WHAT IS NEEDED: Please give back only the lines below from the one containing "I had driven" to the one containing "O destaque da", each repeated word for word, both ends included.

PROVIDED RECORDS:
--- START ---

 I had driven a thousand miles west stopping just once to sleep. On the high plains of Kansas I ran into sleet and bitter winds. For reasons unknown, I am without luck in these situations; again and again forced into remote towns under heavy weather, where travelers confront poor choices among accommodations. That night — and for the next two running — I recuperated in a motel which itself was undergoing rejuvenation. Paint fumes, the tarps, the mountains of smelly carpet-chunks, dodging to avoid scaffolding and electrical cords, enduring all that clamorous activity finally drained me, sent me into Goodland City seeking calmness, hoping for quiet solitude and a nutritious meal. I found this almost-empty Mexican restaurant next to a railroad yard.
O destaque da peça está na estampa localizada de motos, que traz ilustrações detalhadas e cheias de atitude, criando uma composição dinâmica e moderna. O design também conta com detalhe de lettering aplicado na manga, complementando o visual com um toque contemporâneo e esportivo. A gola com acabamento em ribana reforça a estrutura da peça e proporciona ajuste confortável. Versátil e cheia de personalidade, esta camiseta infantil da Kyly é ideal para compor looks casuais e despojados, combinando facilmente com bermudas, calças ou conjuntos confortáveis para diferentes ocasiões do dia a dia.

--- END ---
--- START ---

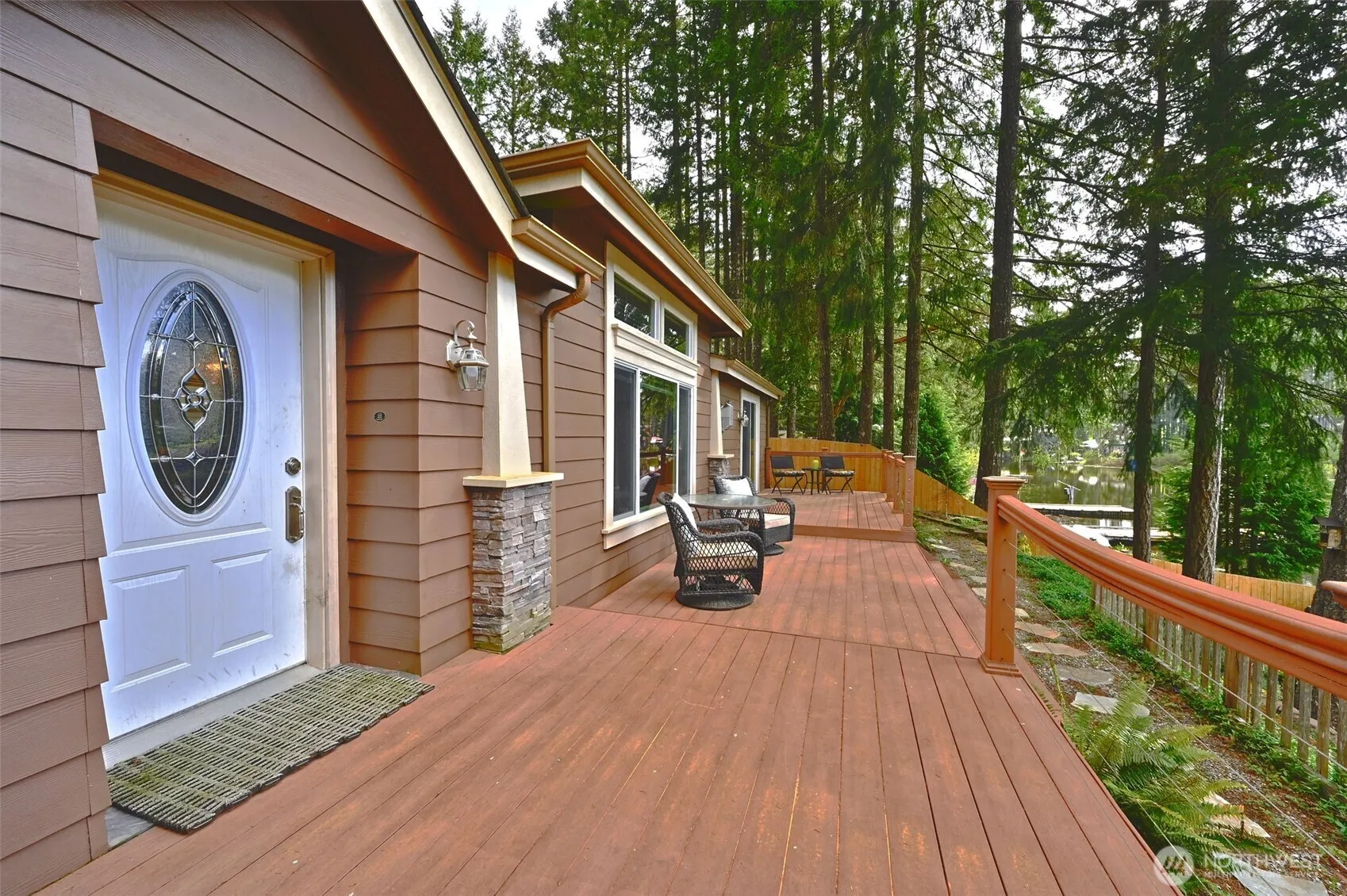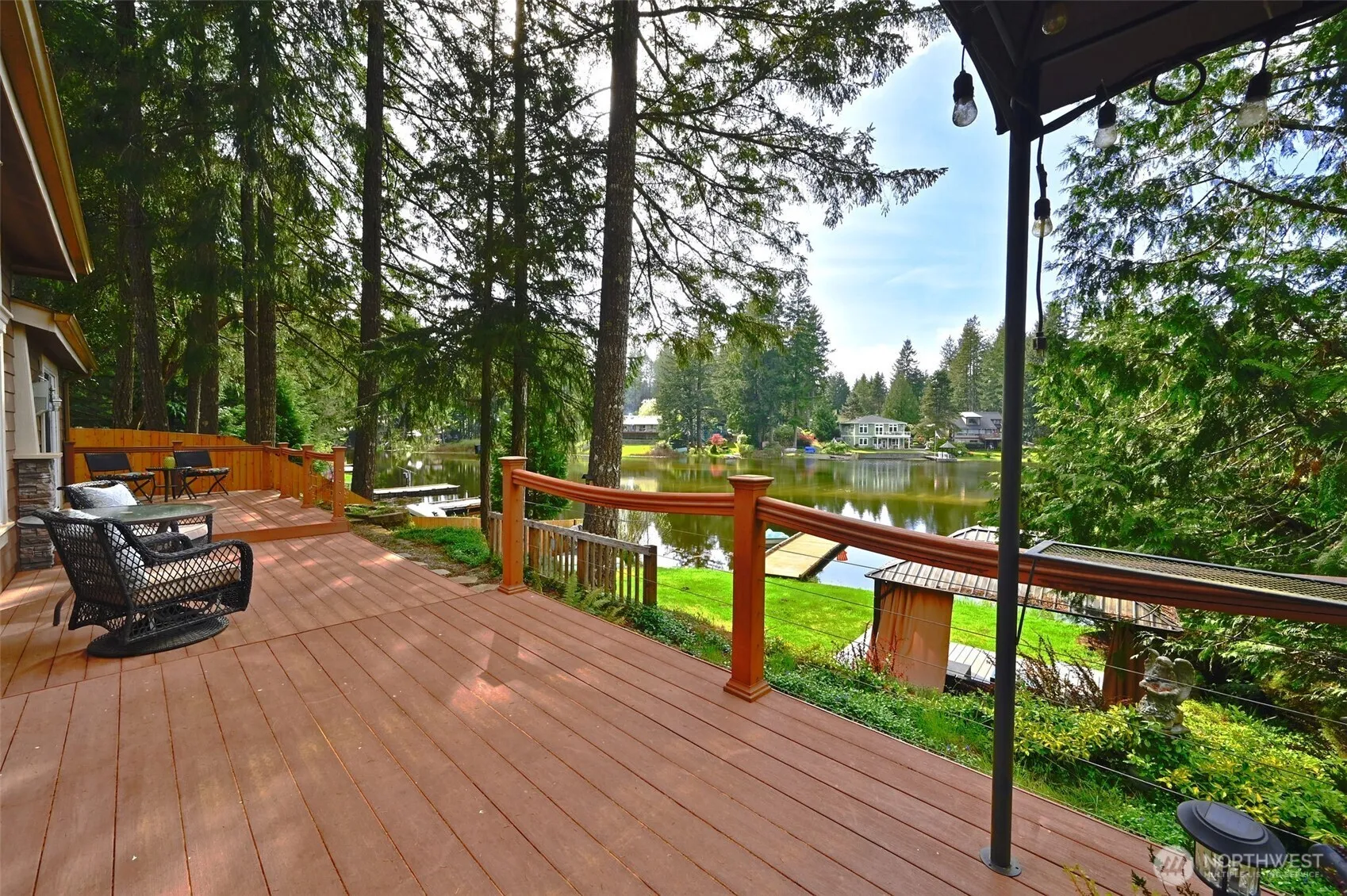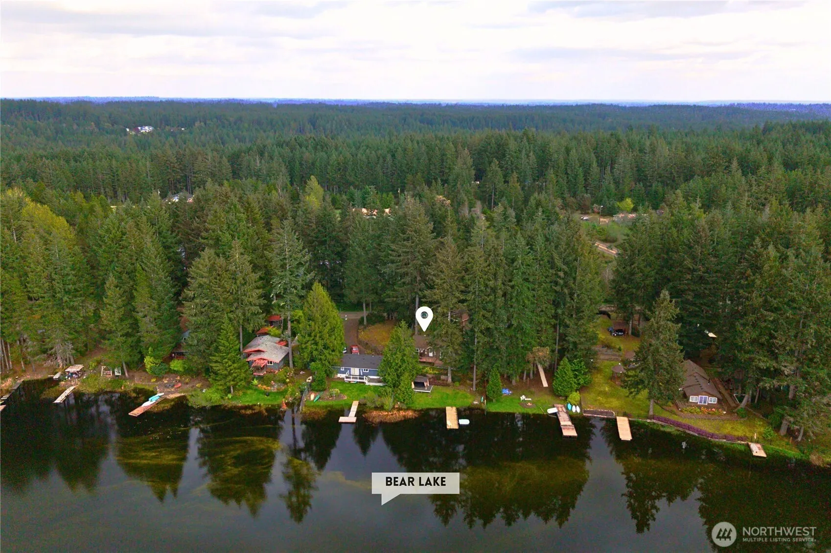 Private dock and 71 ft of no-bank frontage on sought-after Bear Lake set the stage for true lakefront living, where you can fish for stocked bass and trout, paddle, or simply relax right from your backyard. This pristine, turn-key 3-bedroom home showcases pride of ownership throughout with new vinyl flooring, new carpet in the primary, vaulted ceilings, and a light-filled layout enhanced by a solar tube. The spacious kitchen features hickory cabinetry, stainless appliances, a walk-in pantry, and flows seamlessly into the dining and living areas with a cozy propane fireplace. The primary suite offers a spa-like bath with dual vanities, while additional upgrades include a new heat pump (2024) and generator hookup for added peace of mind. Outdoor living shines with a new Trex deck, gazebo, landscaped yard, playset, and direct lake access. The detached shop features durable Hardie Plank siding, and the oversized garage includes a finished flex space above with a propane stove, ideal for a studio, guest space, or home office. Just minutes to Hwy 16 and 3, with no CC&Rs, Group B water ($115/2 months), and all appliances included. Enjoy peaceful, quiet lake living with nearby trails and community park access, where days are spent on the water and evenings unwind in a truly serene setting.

--- END ---

ANSWER AREA:
 I had driven a thousand miles west stopping just once to sleep. On the high plains of Kansas I ran into sleet and bitter winds. For reasons unknown, I am without luck in these situations; again and again forced into remote towns under heavy weather, where travelers confront poor choices among accommodations. That night — and for the next two running — I recuperated in a motel which itself was undergoing rejuvenation. Paint fumes, the tarps, the mountains of smelly carpet-chunks, dodging to avoid scaffolding and electrical cords, enduring all that clamorous activity finally drained me, sent me into Goodland City seeking calmness, hoping for quiet solitude and a nutritious meal. I found this almost-empty Mexican restaurant next to a railroad yard.
O destaque da peça está na estampa localizada de motos, que traz ilustrações detalhadas e cheias de atitude, criando uma composição dinâmica e moderna. O design também conta com detalhe de lettering aplicado na manga, complementando o visual com um toque contemporâneo e esportivo. A gola com acabamento em ribana reforça a estrutura da peça e proporciona ajuste confortável. Versátil e cheia de personalidade, esta camiseta infantil da Kyly é ideal para compor looks casuais e despojados, combinando facilmente com bermudas, calças ou conjuntos confortáveis para diferentes ocasiões do dia a dia.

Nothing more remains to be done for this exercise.